— Instructions for the task —
Restate the data below word for word. Leave the images out.

— Dataset excerpt —
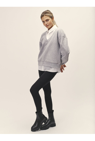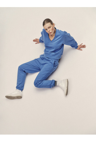Description: The sweatshirt made of soft organic cotton is a beautiful feminine version due to the deep V-neck. It is therefore suitable as a loungewear item but also feminine combined with a blouse for many occasions. The fit is relaxed and loose. Our small WOTE logo is on the back.
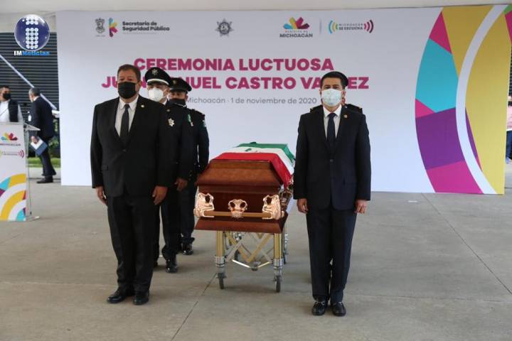 NOTICIAS 01/11/2020Rinde homenaje SSP a elemento caído en cumplimiento del deber La Secretaría de Seguridad Pública (SSP), rindió homenaje al elemento caído en cumplimiento del deber, Juan Manuel Castro Valdez, fallecido anoche durante un hecho de tránsito en el municipio de Tangancícuaro; durante la ceremonia, el secretario de Seguridad Pública, Israel Patrón Reyes, destacó el trabajo del agente de la Policía Michoacán.
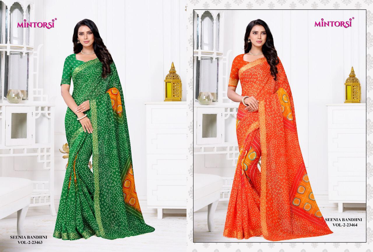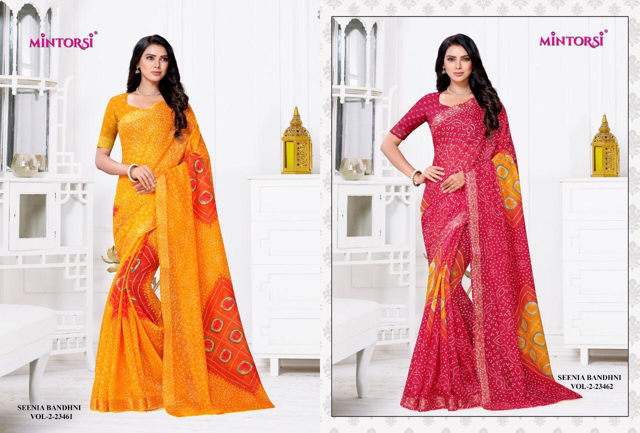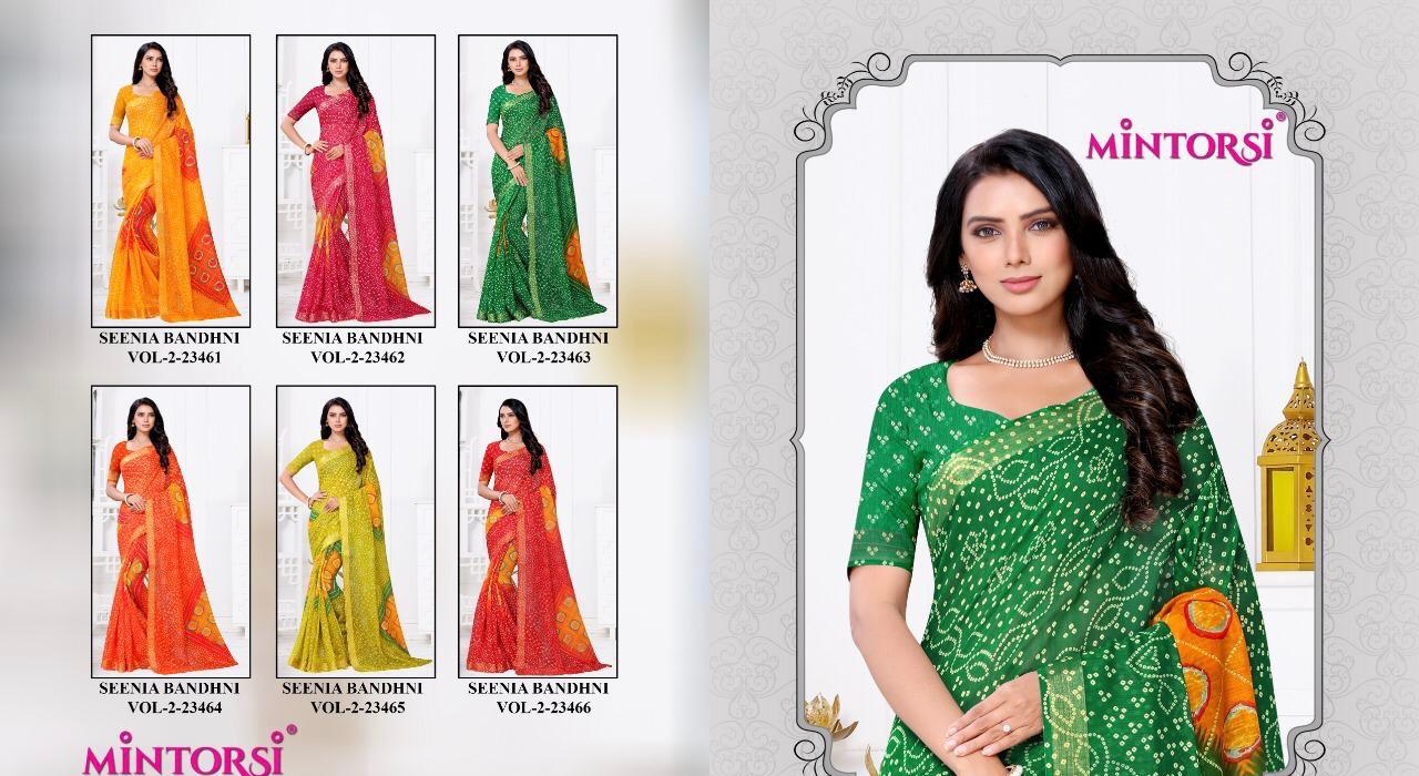 Mintorsi Seenia Bandhni Vol 2 Cotton Silk Saris Wholesaler
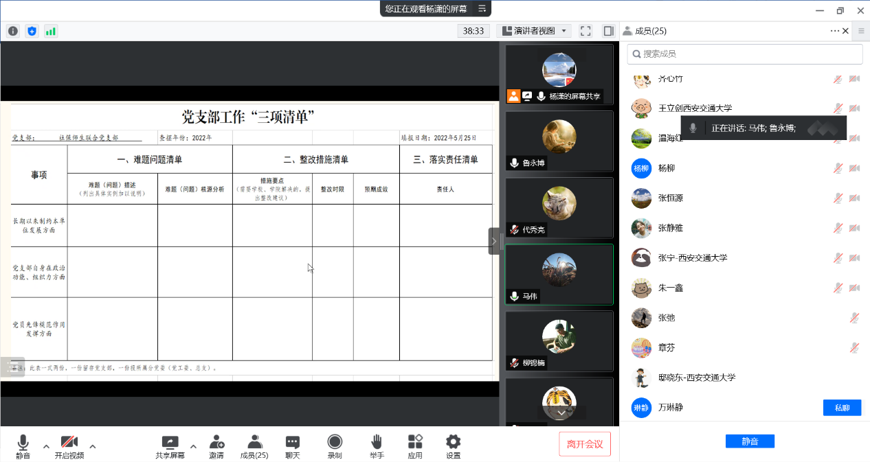 2022年5月25日,社保师生联合党支部召开“聚合力、破难题”专题组织生活会。会议由支部书记杨潇同志主持,全体党员和入党积极分子参加。受疫情影响,本次支部会议采取线上形式召开。

— Answer space —
Description: The sweatshirt made of soft organic cotton is a beautiful feminine version due to the deep V-neck. It is therefore suitable as a loungewear item but also feminine combined with a blouse for many occasions. The fit is relaxed and loose. Our small WOTE logo is on the back.
 NOTICIAS 01/11/2020Rinde homenaje SSP a elemento caído en cumplimiento del deber La Secretaría de Seguridad Pública (SSP), rindió homenaje al elemento caído en cumplimiento del deber, Juan Manuel Castro Valdez, fallecido anoche durante un hecho de tránsito en el municipio de Tangancícuaro; durante la ceremonia, el secretario de Seguridad Pública, Israel Patrón Reyes, destacó el trabajo del agente de la Policía Michoacán.
 Mintorsi Seenia Bandhni Vol 2 Cotton Silk Saris Wholesaler
 2022年5月25日,社保师生联合党支部召开“聚合力、破难题”专题组织生活会。会议由支部书记杨潇同志主持,全体党员和入党积极分子参加。受疫情影响,本次支部会议采取线上形式召开。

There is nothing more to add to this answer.